Двояновский прикрыл глаза и замолчал.
— Слушай, я уезжаю на время, а это дело сердечное, прошу тебя, — не отступился Иштван. — Попробуй уладить не на польский манер, а то вы вечно расчувствуетесь, наобещаете, а завтра пыл проходит, все вон из памяти.
— Хорошо. Поговорю с нашим советником по культуре, — согласился наконец Двояновский. — За успех не ручаюсь, но на меня можешь рассчитывать.

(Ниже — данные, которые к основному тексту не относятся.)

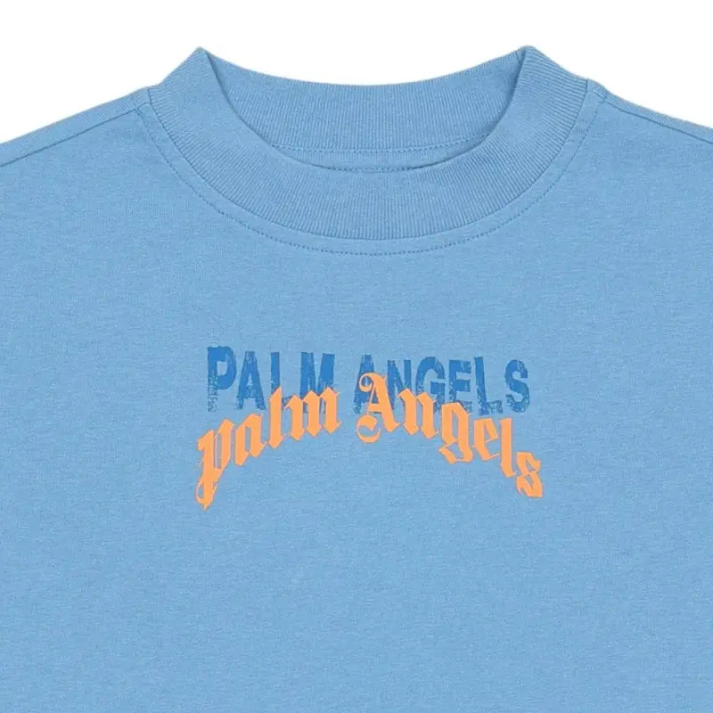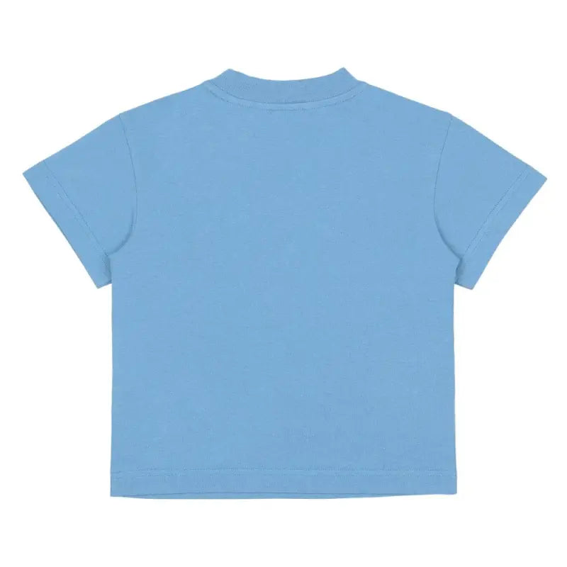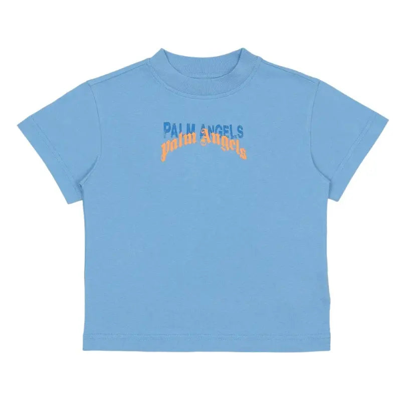 Logo in different touch-and-feel versions. Children's powder blue short-sleeved T-shirt with double logo print on the front, screen-printed in blue and Curved logo puff printed in pale pink overlapped.

— О том только и прошу. Спасибо. Помяни мое слово, он вам придется ко двору. И хватит об этом. Пошли ужинать. Что предпочитаешь? Вино, сливовицу?
— Проявим постоянство, — прихватил Двояновский бутылку и, не выпуская из руки рюмку, направился в столовую. — Ну, аромат. Все мне чего-то не хватало, ан, оказывается, я попросту голодный.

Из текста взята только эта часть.